### [EXERCISE PROMPT]
Check every line of the records below for the string "with" and copy the ones that have it.

### [STORED DATA]
<<<<
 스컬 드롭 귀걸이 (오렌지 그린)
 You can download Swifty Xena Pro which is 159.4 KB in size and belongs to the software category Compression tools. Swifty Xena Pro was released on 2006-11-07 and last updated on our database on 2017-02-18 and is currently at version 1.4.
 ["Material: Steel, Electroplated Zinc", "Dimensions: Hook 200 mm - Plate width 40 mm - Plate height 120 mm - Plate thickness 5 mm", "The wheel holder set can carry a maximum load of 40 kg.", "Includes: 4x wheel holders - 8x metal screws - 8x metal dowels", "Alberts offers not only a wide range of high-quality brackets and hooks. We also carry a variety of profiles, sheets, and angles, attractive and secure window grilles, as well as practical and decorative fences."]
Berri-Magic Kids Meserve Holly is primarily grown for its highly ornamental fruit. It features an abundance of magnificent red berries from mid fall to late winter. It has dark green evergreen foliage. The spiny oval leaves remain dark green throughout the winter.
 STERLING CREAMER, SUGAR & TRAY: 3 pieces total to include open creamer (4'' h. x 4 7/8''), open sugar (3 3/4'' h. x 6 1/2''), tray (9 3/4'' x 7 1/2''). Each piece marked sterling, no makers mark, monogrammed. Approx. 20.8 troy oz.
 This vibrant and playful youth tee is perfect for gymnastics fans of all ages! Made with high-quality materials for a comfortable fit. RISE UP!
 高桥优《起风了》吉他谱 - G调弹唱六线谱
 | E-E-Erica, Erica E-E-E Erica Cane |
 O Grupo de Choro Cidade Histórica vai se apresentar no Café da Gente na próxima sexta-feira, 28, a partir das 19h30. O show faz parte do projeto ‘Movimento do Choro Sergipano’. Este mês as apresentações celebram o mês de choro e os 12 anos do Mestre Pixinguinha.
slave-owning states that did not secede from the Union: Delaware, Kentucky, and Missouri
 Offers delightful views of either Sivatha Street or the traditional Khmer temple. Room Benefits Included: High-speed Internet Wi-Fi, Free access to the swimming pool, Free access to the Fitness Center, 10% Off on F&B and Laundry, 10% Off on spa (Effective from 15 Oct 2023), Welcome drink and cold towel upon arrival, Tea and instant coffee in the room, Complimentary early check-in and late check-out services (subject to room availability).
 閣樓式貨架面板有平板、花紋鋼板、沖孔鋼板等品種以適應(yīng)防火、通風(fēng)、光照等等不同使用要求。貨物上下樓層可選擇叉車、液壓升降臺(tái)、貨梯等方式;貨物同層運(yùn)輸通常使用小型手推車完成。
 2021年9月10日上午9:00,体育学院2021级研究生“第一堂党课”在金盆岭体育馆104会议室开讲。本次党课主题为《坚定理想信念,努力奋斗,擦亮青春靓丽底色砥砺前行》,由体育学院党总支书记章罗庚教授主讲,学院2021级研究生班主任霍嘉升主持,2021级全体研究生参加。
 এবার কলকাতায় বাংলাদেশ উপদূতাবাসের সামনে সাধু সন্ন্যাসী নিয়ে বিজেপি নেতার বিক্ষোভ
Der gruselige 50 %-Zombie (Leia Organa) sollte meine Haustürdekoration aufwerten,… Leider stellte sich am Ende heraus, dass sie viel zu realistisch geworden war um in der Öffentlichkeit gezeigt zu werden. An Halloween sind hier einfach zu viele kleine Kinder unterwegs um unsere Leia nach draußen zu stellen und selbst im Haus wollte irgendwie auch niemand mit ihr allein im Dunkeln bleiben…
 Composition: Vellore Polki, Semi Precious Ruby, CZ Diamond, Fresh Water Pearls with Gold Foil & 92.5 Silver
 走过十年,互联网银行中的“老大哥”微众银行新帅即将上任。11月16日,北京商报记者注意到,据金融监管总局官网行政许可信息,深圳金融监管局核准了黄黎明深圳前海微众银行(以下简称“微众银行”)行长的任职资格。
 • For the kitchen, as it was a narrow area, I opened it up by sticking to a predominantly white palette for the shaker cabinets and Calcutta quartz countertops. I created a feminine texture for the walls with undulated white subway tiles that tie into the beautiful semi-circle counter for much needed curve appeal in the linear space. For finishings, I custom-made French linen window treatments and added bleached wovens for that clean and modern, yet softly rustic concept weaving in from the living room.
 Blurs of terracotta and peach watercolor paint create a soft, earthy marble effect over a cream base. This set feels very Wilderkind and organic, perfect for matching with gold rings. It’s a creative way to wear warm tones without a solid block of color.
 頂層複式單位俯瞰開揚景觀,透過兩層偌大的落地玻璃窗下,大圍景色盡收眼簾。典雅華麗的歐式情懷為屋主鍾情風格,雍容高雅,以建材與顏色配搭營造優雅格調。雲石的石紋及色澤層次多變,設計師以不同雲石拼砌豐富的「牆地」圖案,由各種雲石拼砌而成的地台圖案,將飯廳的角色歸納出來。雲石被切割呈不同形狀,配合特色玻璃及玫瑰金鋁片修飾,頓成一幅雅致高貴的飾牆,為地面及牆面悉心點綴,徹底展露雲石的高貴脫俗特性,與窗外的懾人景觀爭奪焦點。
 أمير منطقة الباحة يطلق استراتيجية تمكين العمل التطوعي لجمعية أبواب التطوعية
>>>>
### [REPLY TO THE EXERCISE]
 This vibrant and playful youth tee is perfect for gymnastics fans of all ages! Made with high-quality materials for a comfortable fit. RISE UP!
 Composition: Vellore Polki, Semi Precious Ruby, CZ Diamond, Fresh Water Pearls with Gold Foil & 92.5 Silver
 • For the kitchen, as it was a narrow area, I opened it up by sticking to a predominantly white palette for the shaker cabinets and Calcutta quartz countertops. I created a feminine texture for the walls with undulated white subway tiles that tie into the beautiful semi-circle counter for much needed curve appeal in the linear space. For finishings, I custom-made French linen window treatments and added bleached wovens for that clean and modern, yet softly rustic concept weaving in from the living room.
 Blurs of terracotta and peach watercolor paint create a soft, earthy marble effect over a cream base. This set feels very Wilderkind and organic, perfect for matching with gold rings. It’s a creative way to wear warm tones without a solid block of color.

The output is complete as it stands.